_Recorded data_:
□ □ □ □ □ □ □

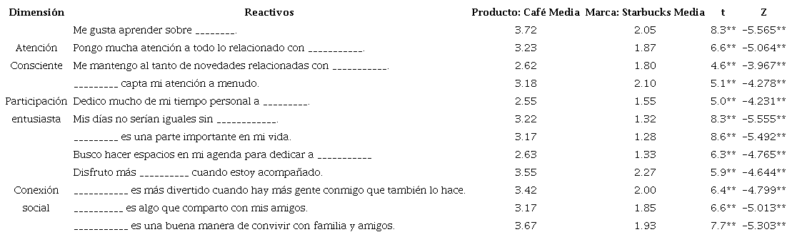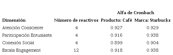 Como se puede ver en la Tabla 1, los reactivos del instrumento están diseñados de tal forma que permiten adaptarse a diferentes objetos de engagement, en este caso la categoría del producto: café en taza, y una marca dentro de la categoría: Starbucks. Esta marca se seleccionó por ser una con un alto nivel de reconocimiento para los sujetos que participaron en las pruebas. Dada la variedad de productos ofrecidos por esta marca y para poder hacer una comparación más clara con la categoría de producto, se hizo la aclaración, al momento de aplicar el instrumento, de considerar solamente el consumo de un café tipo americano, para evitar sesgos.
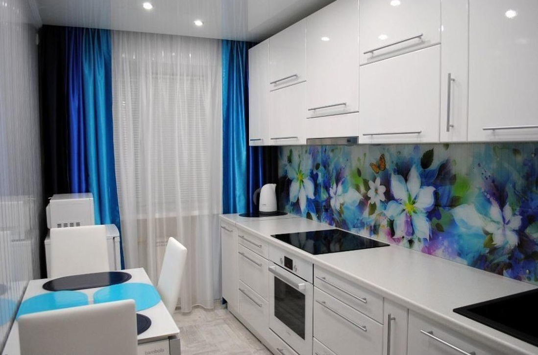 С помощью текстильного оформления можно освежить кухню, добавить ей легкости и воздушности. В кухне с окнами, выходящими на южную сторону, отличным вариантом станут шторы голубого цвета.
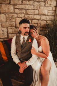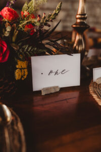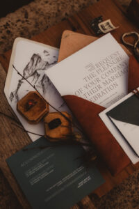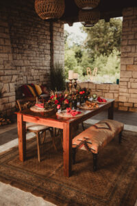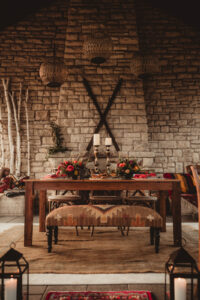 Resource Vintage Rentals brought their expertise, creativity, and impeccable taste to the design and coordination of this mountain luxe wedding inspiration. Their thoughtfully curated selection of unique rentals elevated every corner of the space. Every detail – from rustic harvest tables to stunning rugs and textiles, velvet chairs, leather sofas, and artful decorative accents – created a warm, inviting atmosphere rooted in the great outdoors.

□ □ □ □ □ □ □

_To do_: Would you copy, exactly, each line from the start of the listing above through the line with "С помощью текстильного", both ends included, but none of the pictures?

_Answer to this exercise_:
 Como se puede ver en la Tabla 1, los reactivos del instrumento están diseñados de tal forma que permiten adaptarse a diferentes objetos de engagement, en este caso la categoría del producto: café en taza, y una marca dentro de la categoría: Starbucks. Esta marca se seleccionó por ser una con un alto nivel de reconocimiento para los sujetos que participaron en las pruebas. Dada la variedad de productos ofrecidos por esta marca y para poder hacer una comparación más clara con la categoría de producto, se hizo la aclaración, al momento de aplicar el instrumento, de considerar solamente el consumo de un café tipo americano, para evitar sesgos.
 С помощью текстильного оформления можно освежить кухню, добавить ей легкости и воздушности. В кухне с окнами, выходящими на южную сторону, отличным вариантом станут шторы голубого цвета.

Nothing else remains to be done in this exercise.